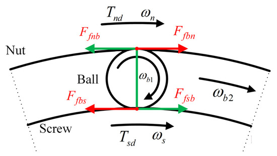 When the absolute speed of the screw motor is larger than the nut motor, the friction force of the screw and the nut on the ball will jointly form a moment of force so that the ball on the one hand self-rotates, and the public rotates around the center of screw on the other hand. The reaction force of the ball on the screw is an impede moment for the screw shaft, but the reaction force of the ball on the nut is an increased moment for the nut axis. The phenomenon of different positive and negative work done by the ball on the screw and the nut is called the frictional coupling model. Replace linear friction ( F f i j ) with rotary friction ( T f i j ). Due to the complex motion of the ball and the special structure of the DDMS, the relationship between T f i j and F f i j is not discussed in this paper. When the absolute speed of the screw is larger, in order to maintain the public rotation of the ball has:
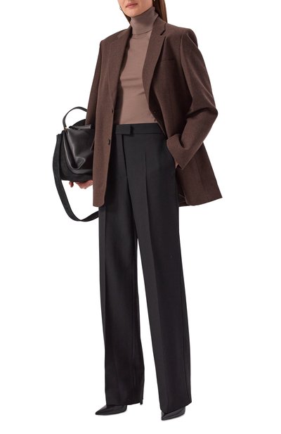 Однобортный жакет прямого кроя сшит из шерстяного трикотажа. Модель с широкими лацканами и полуподкладом дополнена двумя врезными карманами с клапанами.
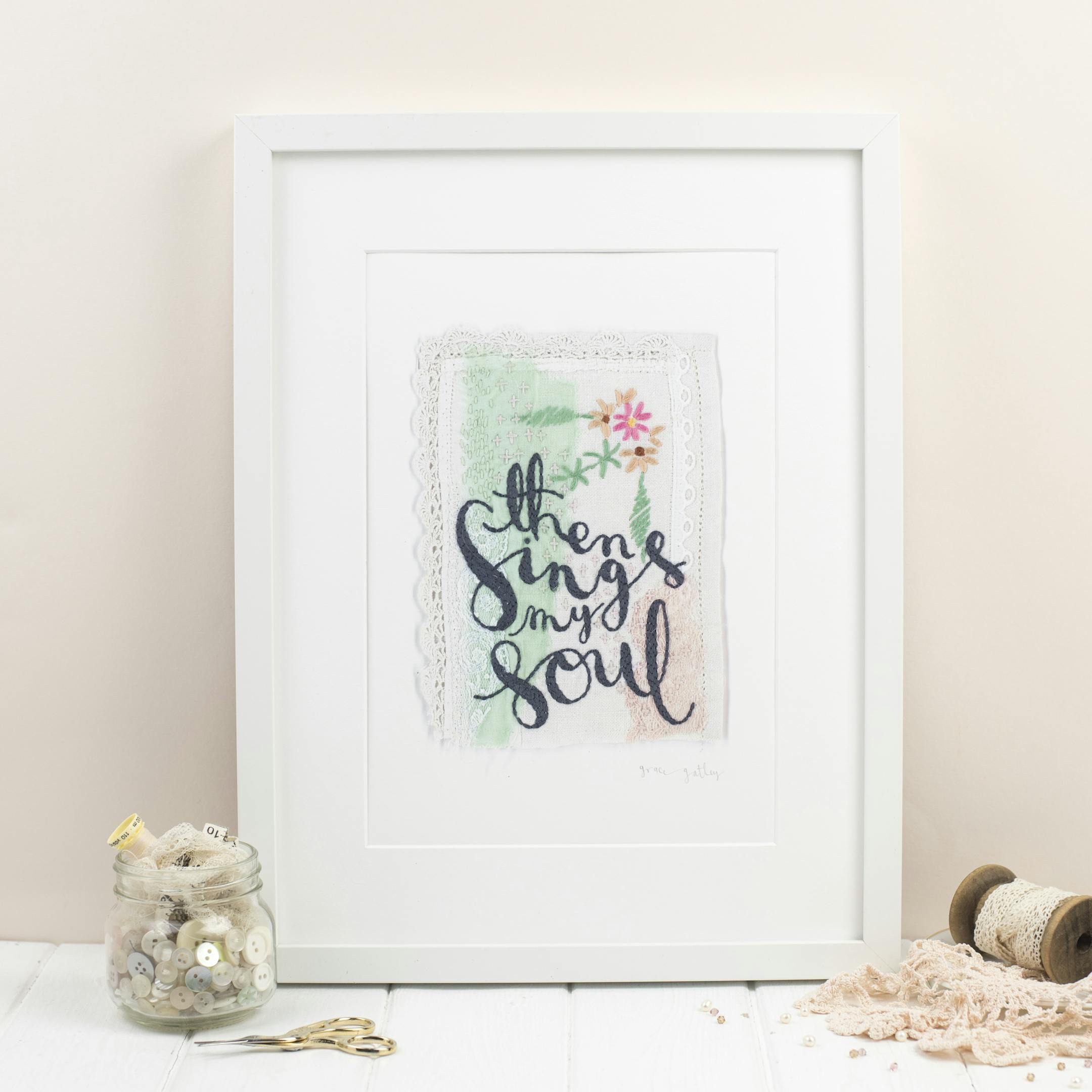 Scripture inspired textile art featuring hand embroidered bible verses created by Grace Gatley in Cheltenham, Gloucestershire.
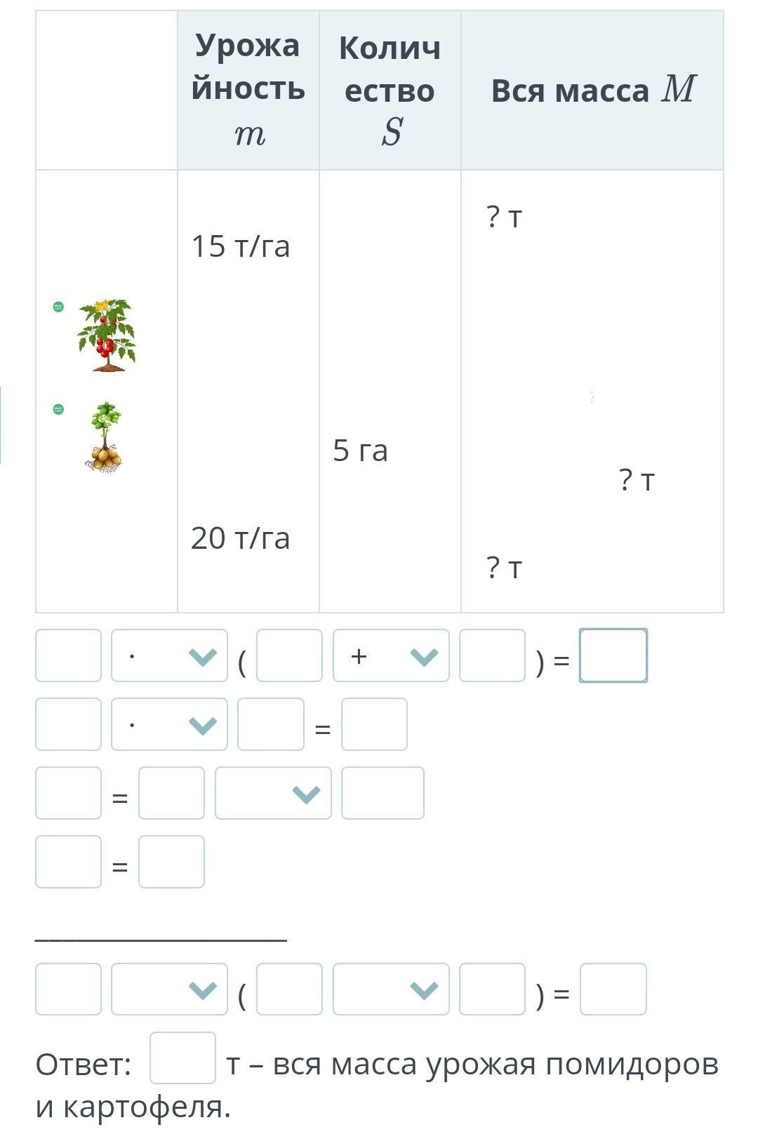 На фермерском поле площадью 5 гектаров растут помидоры и на такой же площади поля растёт картофель. Сколько всего тонн урожая соберёт фермер, если урожайность помидоров составляет 15 тонн с одного гектара, а урожайность картофеля – 20 тонн с одного гектара?

■ ■ ■ ■

> _Exercise goal_
The answer should be an exact copy of the material, with its pictures removed.

> _Exercise output_
 When the absolute speed of the screw motor is larger than the nut motor, the friction force of the screw and the nut on the ball will jointly form a moment of force so that the ball on the one hand self-rotates, and the public rotates around the center of screw on the other hand. The reaction force of the ball on the screw is an impede moment for the screw shaft, but the reaction force of the ball on the nut is an increased moment for the nut axis. The phenomenon of different positive and negative work done by the ball on the screw and the nut is called the frictional coupling model. Replace linear friction ( F f i j ) with rotary friction ( T f i j ). Due to the complex motion of the ball and the special structure of the DDMS, the relationship between T f i j and F f i j is not discussed in this paper. When the absolute speed of the screw is larger, in order to maintain the public rotation of the ball has:
 Однобортный жакет прямого кроя сшит из шерстяного трикотажа. Модель с широкими лацканами и полуподкладом дополнена двумя врезными карманами с клапанами.
 Scripture inspired textile art featuring hand embroidered bible verses created by Grace Gatley in Cheltenham, Gloucestershire.
 На фермерском поле площадью 5 гектаров растут помидоры и на такой же площади поля растёт картофель. Сколько всего тонн урожая соберёт фермер, если урожайность помидоров составляет 15 тонн с одного гектара, а урожайность картофеля – 20 тонн с одного гектара?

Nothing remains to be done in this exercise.